You can view this as a limiting process. Start with the truncated integral:
$$
\frac{1}{2\pi}\int_{R}^{R}e^{j\omega t}dt = \frac{1}{\pi}\frac{\sin(R\omega)}{\omega}
$$
If you integrate this against a function and take the limit as $R\rightarrow\infty$, then
$$
\lim_{R\rightarrow\infty}\int_{-\infty}^{\infty}f(\omega)\frac{1}{2\pi}\int_{-R}^{R}e^{j\omega t}dt d\omega
= \lim_{R\rightarrow\infty}\frac{1}{2\pi}\int_{-R}^{R}\int_{-\infty}^{\infty}f(\omega)e^{j\omega t}d\omega dt.
$$
The above is $(f^{\wedge})^{\vee}(0)=f(0)$ if $f$ has some smoothness at $0$.

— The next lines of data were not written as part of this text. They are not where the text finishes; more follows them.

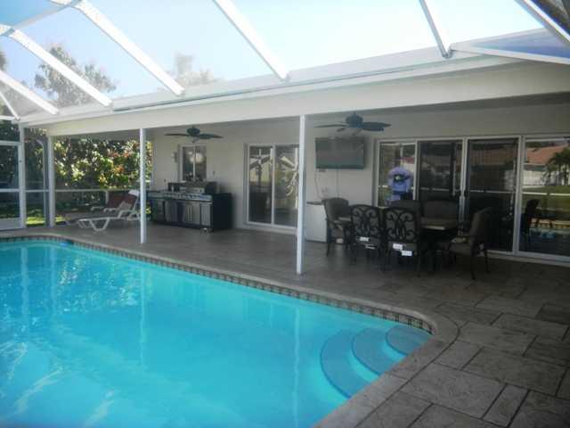 BEAUTIFUL 4 BEDROOM WATERFRONT HOME WITH GREAT LAYOUT FEATURES A CORAL WALL IN THE STEP DOWN LIVING ROOM, SEPARATE DINING ROOM WITH SKYLIGHTS & FAMILY ROOM. TOTALLY REMODELED KITCHEN & BATHROOMS. PORCELAIN 24 IN. ON DIAGONAL TILE THROUGHOUT AND KNOCK DOW N CEILINGS. PLENTY OF CLOSET SPACE. HURRICANE IMPACT WINDOWS & DOORS, NEWER ROOF & A/C, NEWER APPLIANCES. LARGE SCREENED PATIO & HEATED POOL WITH GREAT CALMING VIEWS OF THE WATER FOR YOUR ENTERTAINING PLEASURE. THIS HOUSE IS IMMACULATE!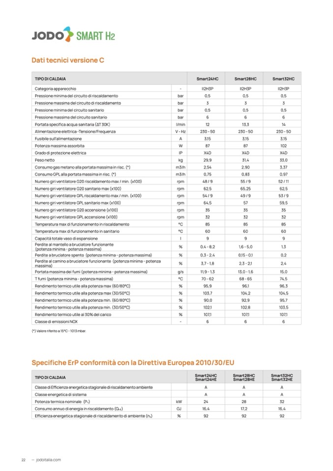 (*) Valore riferito a 15°C - 1013 mbar.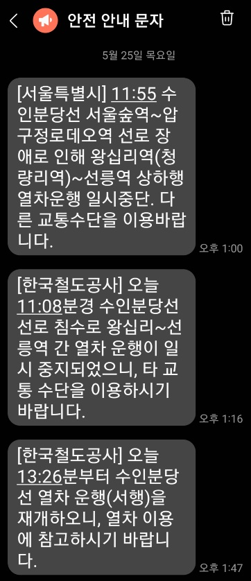 안전 안내 문자 [한국철도공사] 오늘 11:08분경 수인분당선 선로 침수로 왕십리~선릉역 간 열차 운행이 일시 중지되었으니, 타 교통 수단을 이용하시기 바랍니다. 열차 운행(서행)을 재개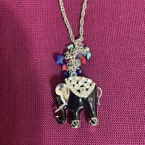 Beautiful silver tone, elephant necklace with small gemstones and glass beads, I will. Elephant is black enamel with rhinestones and the back has cut out hearts see pictures for more details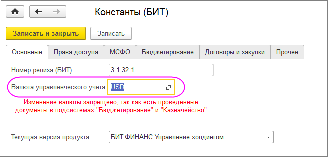 Настройка валюты управленческого учета в БИТ.ФИНАНС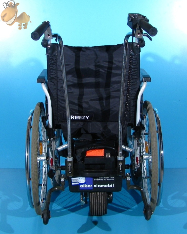 Breezy este denumirea scaunului cu rotile pe care este instalat acest dispozitiv.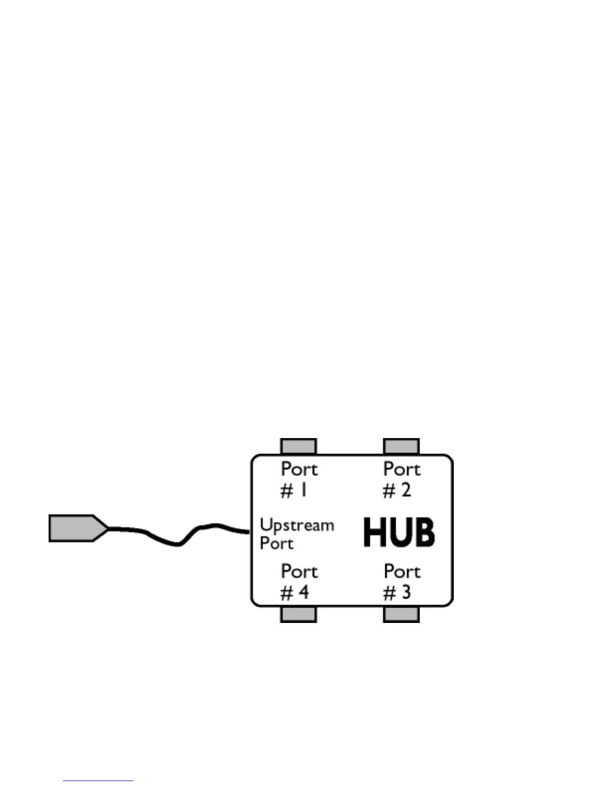 The upstream port of a hub connects the hub towards the host. Each of the other downstream ports of a
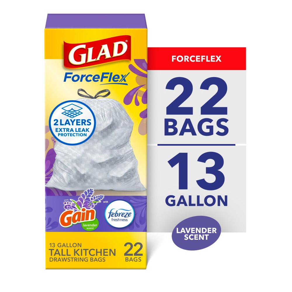 Glad ForceFlex Tall Kitchen Trash BagsGain Lavender Scent with Febreze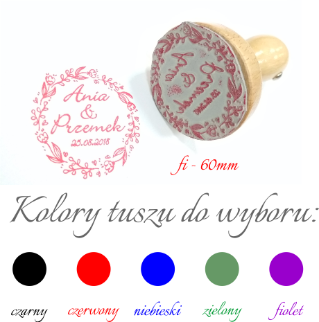 Cena uwzględnia drewniany uchwyt z wyciętą gumką oraz poduszkę w wybranym kolorze tuszu.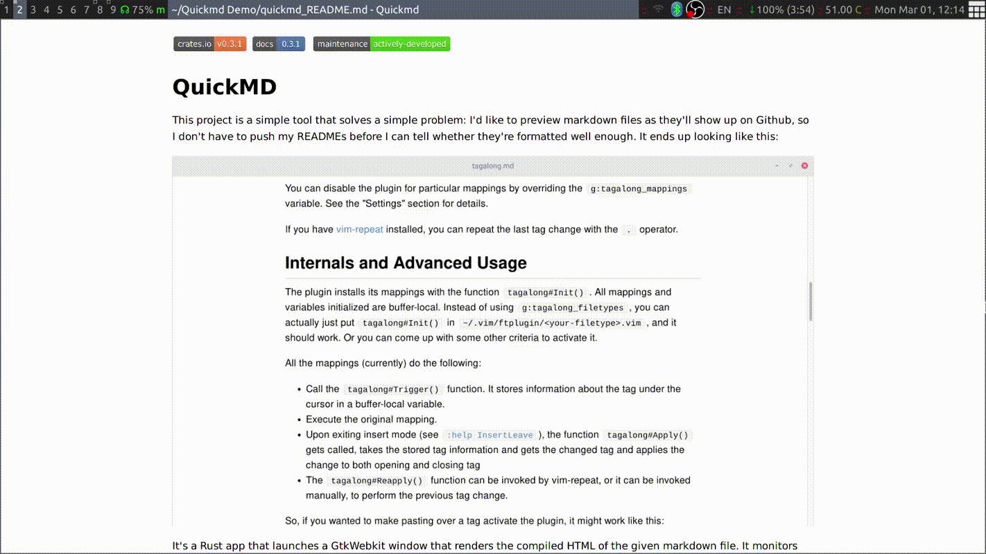 It's a Rust app that launches a GtkWebkit window that renders the compiled HTML of the given markdown file. It monitors this file for any changes and reloads. It uses a stylesheet that's literally copied off Github's markdown stylesheet.

In the language of distributions, the Dirac delta distribution is the map $\delta$ from the space of test functions (smooth compactly supported functions) to, say $\mathbb{R}$ with the "operation" $(\delta, f) = f(0)$ for every test function $f$.

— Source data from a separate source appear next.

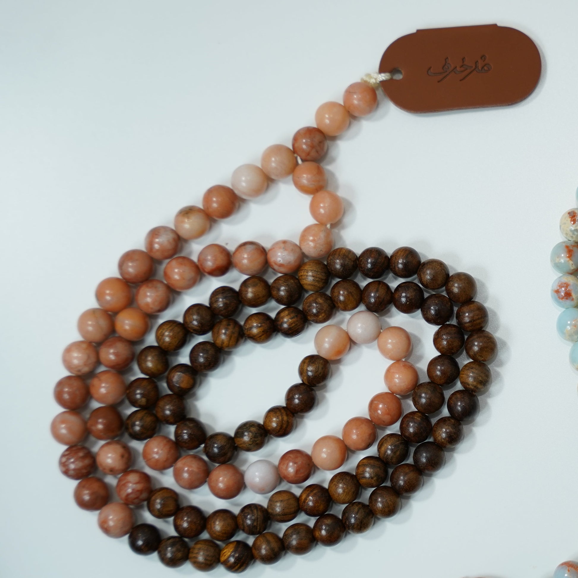 مسباح من الأحجار الكريمة والخشب الطبيعي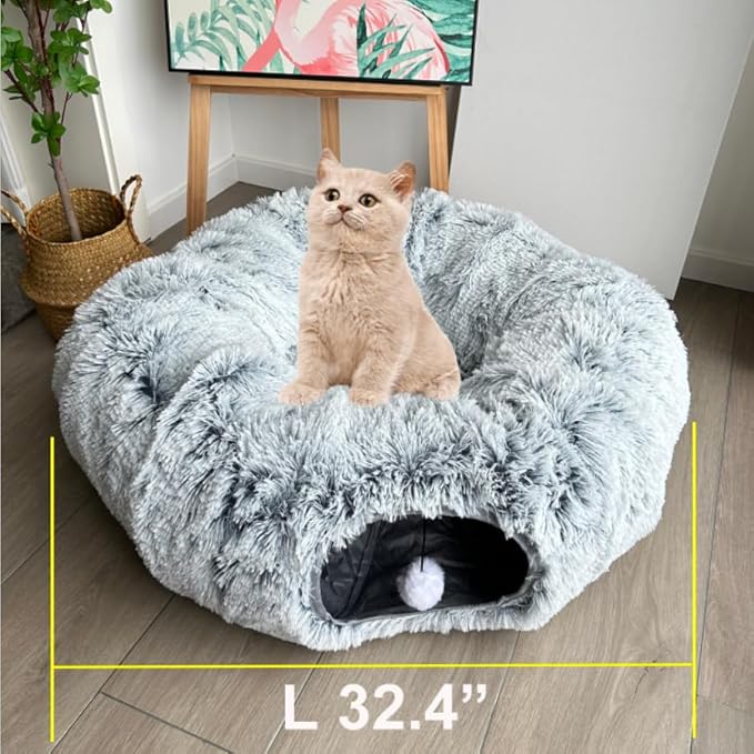 Cat Tunnel Bed, Tunnels for Indoor Cats Soft Warm Light Grey Plush, Collapsible Interactive Tube Toys, Maze House with Peek Holes Dangling Ball for Rabbit, Kitten, Kitty, Puppy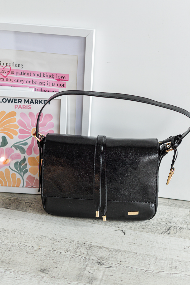 Piel vegana premium sin forro.Tiene tiras del mismo material que el cierre.Asa con enganche regulable para alargarla facilmente.

To figure out the Fourier transform of a distribution, you need to determine the Fourier transform of a test function $f$.
$$\widehat{f}(\xi) = \frac{1}{\sqrt{2\pi}}\int_\mathbb{R} e^{-ix \xi}f(x) \, dx$$
By definition, the Fourier transform of a distribution $\varphi$ is defined by $(\widehat{\varphi},f)=(\varphi,\widehat{f})$ for every test function $f$.

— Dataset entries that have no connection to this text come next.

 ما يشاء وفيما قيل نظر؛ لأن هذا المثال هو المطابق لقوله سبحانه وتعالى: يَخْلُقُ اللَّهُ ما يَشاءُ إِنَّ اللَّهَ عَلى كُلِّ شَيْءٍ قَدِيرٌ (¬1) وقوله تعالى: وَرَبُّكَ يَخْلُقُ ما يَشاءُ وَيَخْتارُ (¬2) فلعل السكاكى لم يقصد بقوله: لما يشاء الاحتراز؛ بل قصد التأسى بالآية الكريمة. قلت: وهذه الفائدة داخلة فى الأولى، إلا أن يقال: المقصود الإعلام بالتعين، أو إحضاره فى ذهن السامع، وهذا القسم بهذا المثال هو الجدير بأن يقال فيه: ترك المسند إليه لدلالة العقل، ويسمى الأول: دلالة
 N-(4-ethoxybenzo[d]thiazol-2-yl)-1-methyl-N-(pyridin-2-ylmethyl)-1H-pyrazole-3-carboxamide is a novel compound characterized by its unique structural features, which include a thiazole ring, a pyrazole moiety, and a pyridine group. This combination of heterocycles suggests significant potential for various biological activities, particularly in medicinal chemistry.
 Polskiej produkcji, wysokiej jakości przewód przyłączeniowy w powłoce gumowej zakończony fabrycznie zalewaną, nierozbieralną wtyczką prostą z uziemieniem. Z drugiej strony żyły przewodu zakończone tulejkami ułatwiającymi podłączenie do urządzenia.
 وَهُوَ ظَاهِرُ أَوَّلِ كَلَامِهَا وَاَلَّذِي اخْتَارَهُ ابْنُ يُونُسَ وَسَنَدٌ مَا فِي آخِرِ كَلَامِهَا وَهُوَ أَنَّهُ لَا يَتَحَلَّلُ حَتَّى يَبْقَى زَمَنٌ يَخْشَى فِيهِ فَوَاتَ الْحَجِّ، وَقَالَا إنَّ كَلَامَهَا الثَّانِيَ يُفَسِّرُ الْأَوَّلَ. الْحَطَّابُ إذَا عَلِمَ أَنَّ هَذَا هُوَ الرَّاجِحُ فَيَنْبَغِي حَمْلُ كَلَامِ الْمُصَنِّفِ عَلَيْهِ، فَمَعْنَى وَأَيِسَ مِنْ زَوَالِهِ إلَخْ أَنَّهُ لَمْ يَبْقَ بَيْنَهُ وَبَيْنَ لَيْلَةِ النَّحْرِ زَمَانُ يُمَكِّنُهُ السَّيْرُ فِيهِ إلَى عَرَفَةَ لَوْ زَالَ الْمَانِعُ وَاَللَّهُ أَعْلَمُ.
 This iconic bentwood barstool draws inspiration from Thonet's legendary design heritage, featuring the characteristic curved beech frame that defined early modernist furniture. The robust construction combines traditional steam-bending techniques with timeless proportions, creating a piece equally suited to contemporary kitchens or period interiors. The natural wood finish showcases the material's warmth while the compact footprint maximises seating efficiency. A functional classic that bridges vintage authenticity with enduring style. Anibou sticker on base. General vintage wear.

EDIT: As commenters below pointed out, I should say Schwartz function instead of test function and tempered distribution instead of distribution..
Therefore
$$(\widehat{\delta},f) = (\delta,\widehat{f}) = \widehat{f}(0) = \frac{1}{\sqrt{2\pi}}\int_\mathbb{R} e^{-i x \cdot 0} f(x) \, dx =\frac{1}{\sqrt{2\pi}}\int_\mathbb{R} f(x) \, dx = (\frac{1}{\sqrt{2\pi}},f)$$
where the last equality is because the "constant" distribution 1 is regular, i.e., can be represented in integral form. Therefore, as a distribution, $\widehat{\delta} = (2\pi)^{-1/2}$.
Best Answer
Let $$h_a(x)= \int_{-a}^a e^{i k x} dk = \frac{2 \sin(a x)}{x}= a \, H'(ax), \\ H(x) = \int_{-\infty}^x \frac{2 \sin(y)}{y}dy, \qquad H(-\infty) = 0, H(+\infty) = C$$ where for some reason $C = 2\pi$
If $\phi,\phi'$ are $L^1$ then $$\lim_{a \to \infty}\int_{-\infty}^\infty h_a(x) \phi(x) dx = -\lim_{a \to \infty}\int_{-\infty}^\infty H(ax) \phi'(x) dx\\ = -\int_{-\infty}^\infty H(+\infty x) \phi'(x) dx = -\int_0^\infty C \phi'(x) dx= 2\pi \phi(0)$$ ie. in the sense of distributions $$\int_{-\infty}^\infty e^{ik x}dk \overset{def}=\lim_{a \to\infty} h_a = 2\pi \delta$$
Note how this proves the Fourier inversion theorem.